A group of machine learning tasks and techniques known as "semi-supervised learning" combine 
labeled with unlabeled samples for training, frequently combining a little amount of labeled samples with a 
large number of unlabeled samples. Semi-supervised learning way lies in the middle between supervised and 
unsupervised learning. Numerous machine learning researchers have demonstrated that integrating small 
amounts of labeled data with unlabeled data can dramatically improve learning accuracy compared to 
unsupervised learning without the time and expense of supervised learning. The general rule is first explored 
using labeled data in a semi-supervised learning process, and then the rule is applied to infer unmarked data. 
The machine learning algorithm that is enhanced for intrusion detection [7]. 

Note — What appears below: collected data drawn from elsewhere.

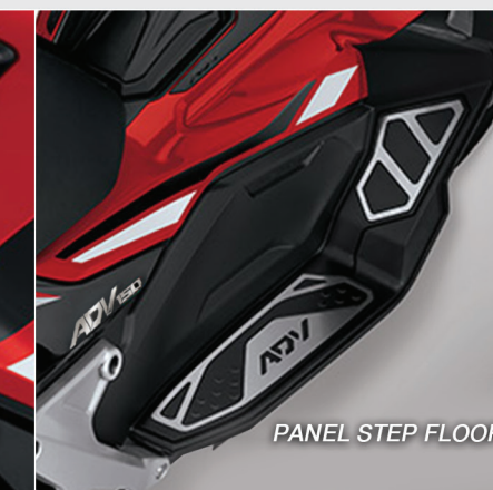
PANEL STEP FLOOR
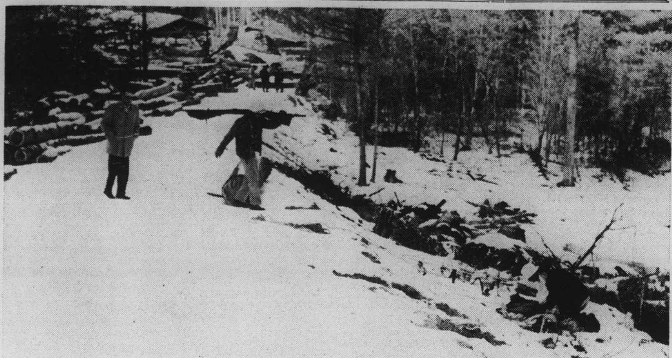
Sherwood Forest Monday afternoon. The lad suffered a broken leg, and the squad members had a difficult time bringing him up the icy and snow covered embankment and down the road to an ambu-
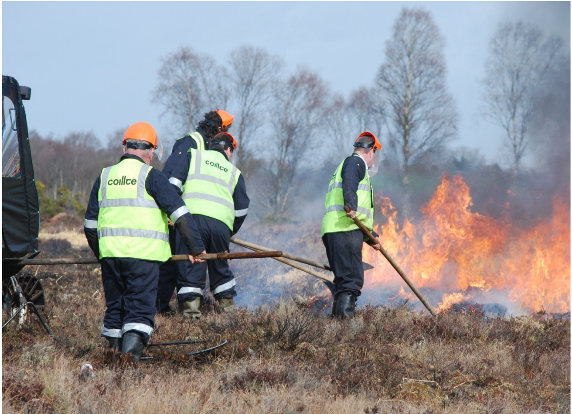
Prescribed burning requires sufficient manpower if it to be accomplished safely and correctly.

Co-operation between neighbours is vital in implementing effective burning. Neighbours should work together and share manpower resources to best effect. Remember the ' Meitheal ' ways of old. As in the past, landowners should organise Meitheal groups for prescribed burning in conjunction with neighbours.
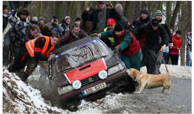
(From the WRC Website)

The primary goal of this work is to locate an appropriate method for classifying DDoS attacks by making 
use of semi-supervised learning and basing it on a global DDoS dataset. In addition to locating the most effective 
centroids for application in the offensive classification. The following are some of the benefits of our proposed 
algorithm over earlier detection solutions using supervised learning and unsupervised learning approaches: 1) 
fewer labeled samples are needed to train detection models with our proposed method than with supervised 
learning detection algorithms, ii) proposed hybrid feature selection method using both low variance filter and 
information gain ration techniques, iii) present DDoS and regular centroids to assist in the implementation of them 
online for traffic classification. Following is a summary of the remaining sections of this paper. The related works 
in DDoS attack detection are introduced and their limitations. Our detection model, built on a semi-supervised 
clustering algorithm, is presented in section 2. Following the results and analyses of the experiments and a 
discussion of their significance, the paper concludes with recommendations for further research. The detection of 
DDoS attacks has been proposed using a variety of different methods such as [8]-[10]. Techniques based on 
machine learning are the ones that appear most frequently in published works of research. Table 1 (in Appendix) 
provides a brief overview of some recent research and developments in DDoS detection. 


2. THE PROPOSED METHOD 

In the beginning of this part, the dataset utilized in this study is described. Then, the proposed method 
used for intrusion detection and proposed centroids clustering, are present as shown in Figure 1. Finally, the 
results are analyzed and discussed. 


2.1. Description of the dataset 

Sharafaldin et al. [21] suggested the CICIDS2017 to get around the fact that there aren't enough IDS 
datasets that satisfy criteria of real-world network traffic [22]. The valid and widely used dataset CICIDS2017 
[23], which is the largest and most used dataset [24]. 20% from the CICIDS2017 dataset is used in current 
work to train the machine learning algorithm. This set of data includes 84 features, as well as both unattack 
traffic and attack traffic. The CICIDS2017 dataset has a lot of information with a high-class imbalance. 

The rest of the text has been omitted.